### [Instructions to follow]
No pictures go in the copy. Restate, word for word, each line from the one containing "讲座由学院办公室主任黄艳凤老" through the last line below.

╭─ Provided material

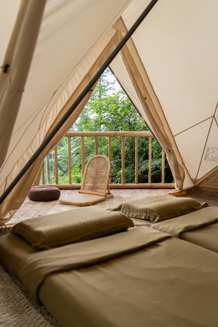 אחת מ-7 אוהלי הקמפינג היוקרתיים שלנו, השוכנים ביערות הגשם הקדמוניים הגדולים ביותר שנותרו בבלי, ממתינה לכם – שם יופי הג'ונגל הגולמי פוגש עיצוב שקט. השקענו את כל אהבתנו ביצירת גן עדן לאוהב הטבע המתוחכם. זהו מקום של שקט, נוכחות והתחברות מחודשת. חזרה לכדור הארץ.
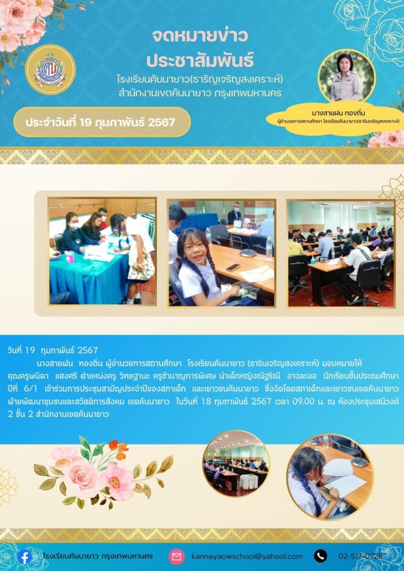 นางสายฝน ทองถิ่น ผู้อำนวยการสถานศึกษา โรงเรียนคันนายาว (ธารินเจริญสงเคราะห์) มอบหมายให้คุณครูพนิดา แสงศรี ตำแหน่งครู วิทยฐานะ ครูชำนาญการพิเศษ นำเด็กหญิงณัฐริณี อาจละออ นักเรียนชั้นประถมศึกษาปีที่ 6/1 เข้าร่วมการประชุมสามัญประจำปีของสภาเด็ก และเยาวชนคันนายาว ซึ่งจัดโดยสภาเด็กและเยาวชนเขตคันนายาว ฝ่ายพัฒนาชุมชนและสวัสดิการสังคม เขตคันนายาว ในวันที่ 18 กุมภาพันธ์ 2567 เวลา 09.00 น. ณ ห้องประชุมเสนีวงศ์ 2 ชั้น 2 สำนักงานเขตคันนายาว |
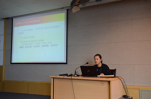 讲座由学院办公室主任黄艳凤老师主持,她介绍了本次党课培训讲座的目的及内容。黄老师着重强调了此次培训的主题:党员发展流程解读。她简单阐明,我们大学生党员要加强党的基本理论学习,首先就要明确入党的流程。黄老师认为,既然要入党,在进行爱党爱国教育、明确入党缘由、端正入党态度前,应当明确入党条件与入党步骤。
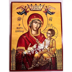 Εικόνα Ορθοδοξίας με περίγραμμα χρυσό σε ξύλο Φλαμουρίας με βάση Εικόνα Παναγία Μυροβλύτισσα Χειροποίητη Ελληνορθόδοξη , Κρεμαστή πλάκα βυζαντινής τέχνης, χριστιανική τέχνη Διάσταση 45x35 cm (17,7 x 13,8 ίντσες) INTRAEK-6294671251

╰─

### [Result of this task]
 讲座由学院办公室主任黄艳凤老师主持,她介绍了本次党课培训讲座的目的及内容。黄老师着重强调了此次培训的主题:党员发展流程解读。她简单阐明,我们大学生党员要加强党的基本理论学习,首先就要明确入党的流程。黄老师认为,既然要入党,在进行爱党爱国教育、明确入党缘由、端正入党态度前,应当明确入党条件与入党步骤。
 Εικόνα Ορθοδοξίας με περίγραμμα χρυσό σε ξύλο Φλαμουρίας με βάση Εικόνα Παναγία Μυροβλύτισσα Χειροποίητη Ελληνορθόδοξη , Κρεμαστή πλάκα βυζαντινής τέχνης, χριστιανική τέχνη Διάσταση 45x35 cm (17,7 x 13,8 ίντσες) INTRAEK-6294671251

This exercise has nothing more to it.